▶ _Given data_
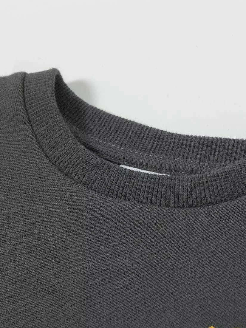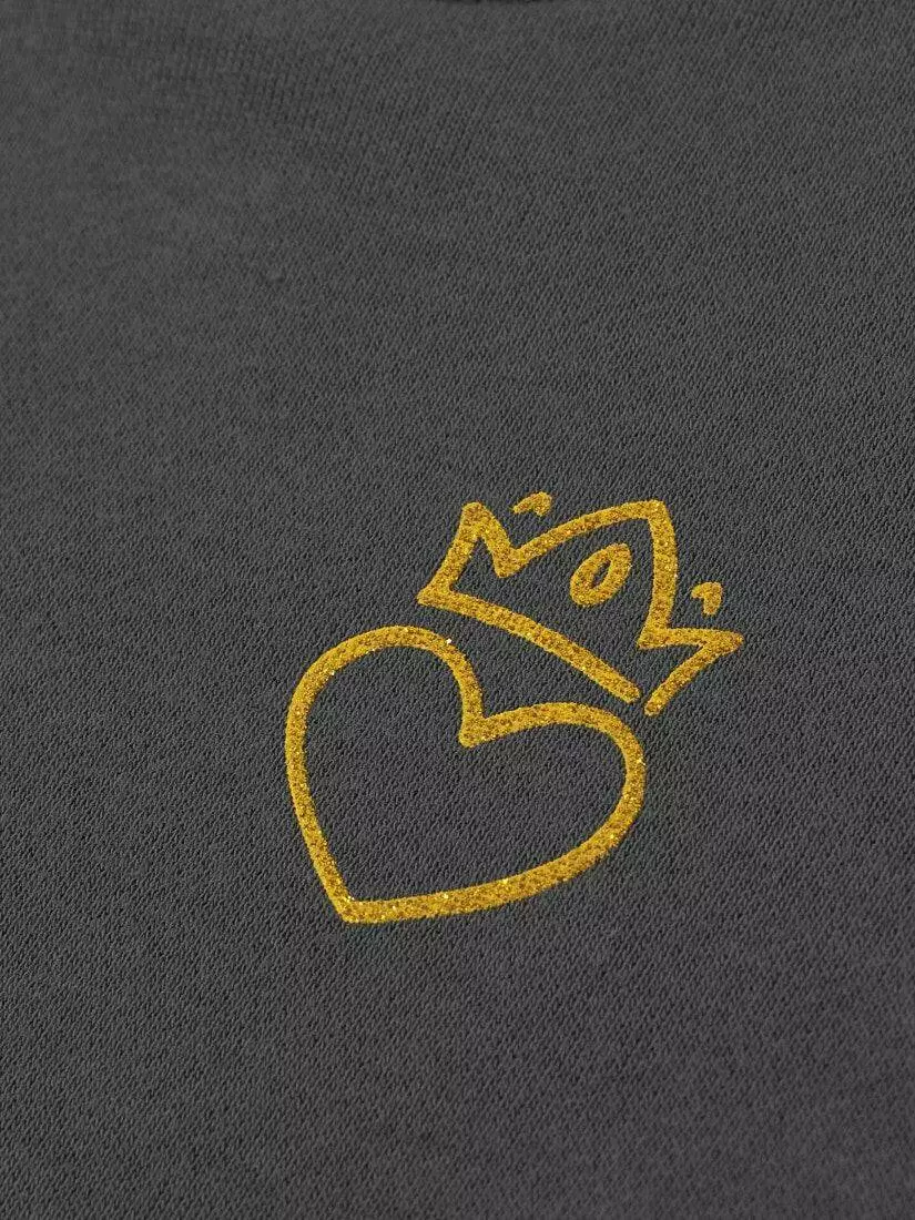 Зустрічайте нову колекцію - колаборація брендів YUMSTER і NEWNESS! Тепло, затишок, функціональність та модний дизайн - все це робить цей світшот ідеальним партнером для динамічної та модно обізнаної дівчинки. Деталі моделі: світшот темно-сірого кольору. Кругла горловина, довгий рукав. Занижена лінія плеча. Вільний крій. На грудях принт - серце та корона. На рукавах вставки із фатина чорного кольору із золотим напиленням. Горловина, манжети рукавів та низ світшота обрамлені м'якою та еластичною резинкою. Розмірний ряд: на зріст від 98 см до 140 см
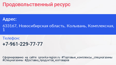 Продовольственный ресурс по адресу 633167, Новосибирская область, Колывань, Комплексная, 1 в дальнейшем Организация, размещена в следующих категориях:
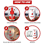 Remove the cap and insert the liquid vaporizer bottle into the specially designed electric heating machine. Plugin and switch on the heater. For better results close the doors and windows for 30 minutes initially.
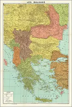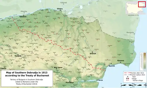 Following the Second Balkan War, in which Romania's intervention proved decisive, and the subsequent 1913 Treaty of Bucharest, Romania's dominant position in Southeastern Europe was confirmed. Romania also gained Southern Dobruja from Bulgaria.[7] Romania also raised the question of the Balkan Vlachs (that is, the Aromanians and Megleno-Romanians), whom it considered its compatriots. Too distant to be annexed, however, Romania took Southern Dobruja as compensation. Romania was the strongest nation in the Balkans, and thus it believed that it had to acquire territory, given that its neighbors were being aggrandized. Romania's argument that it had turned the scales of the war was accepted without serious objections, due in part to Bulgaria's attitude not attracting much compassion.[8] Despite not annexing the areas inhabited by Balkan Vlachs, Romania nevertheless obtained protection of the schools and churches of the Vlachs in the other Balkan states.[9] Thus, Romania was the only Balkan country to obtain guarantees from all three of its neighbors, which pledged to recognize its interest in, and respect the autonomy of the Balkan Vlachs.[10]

▶ _Action item_
Give the listing again word for word. Skip any pictures.

▶ _Result of this task_
 Зустрічайте нову колекцію - колаборація брендів YUMSTER і NEWNESS! Тепло, затишок, функціональність та модний дизайн - все це робить цей світшот ідеальним партнером для динамічної та модно обізнаної дівчинки. Деталі моделі: світшот темно-сірого кольору. Кругла горловина, довгий рукав. Занижена лінія плеча. Вільний крій. На грудях принт - серце та корона. На рукавах вставки із фатина чорного кольору із золотим напиленням. Горловина, манжети рукавів та низ світшота обрамлені м'якою та еластичною резинкою. Розмірний ряд: на зріст від 98 см до 140 см
 Продовольственный ресурс по адресу 633167, Новосибирская область, Колывань, Комплексная, 1 в дальнейшем Организация, размещена в следующих категориях:
 Remove the cap and insert the liquid vaporizer bottle into the specially designed electric heating machine. Plugin and switch on the heater. For better results close the doors and windows for 30 minutes initially.
 Following the Second Balkan War, in which Romania's intervention proved decisive, and the subsequent 1913 Treaty of Bucharest, Romania's dominant position in Southeastern Europe was confirmed. Romania also gained Southern Dobruja from Bulgaria.[7] Romania also raised the question of the Balkan Vlachs (that is, the Aromanians and Megleno-Romanians), whom it considered its compatriots. Too distant to be annexed, however, Romania took Southern Dobruja as compensation. Romania was the strongest nation in the Balkans, and thus it believed that it had to acquire territory, given that its neighbors were being aggrandized. Romania's argument that it had turned the scales of the war was accepted without serious objections, due in part to Bulgaria's attitude not attracting much compassion.[8] Despite not annexing the areas inhabited by Balkan Vlachs, Romania nevertheless obtained protection of the schools and churches of the Vlachs in the other Balkan states.[9] Thus, Romania was the only Balkan country to obtain guarantees from all three of its neighbors, which pledged to recognize its interest in, and respect the autonomy of the Balkan Vlachs.[10]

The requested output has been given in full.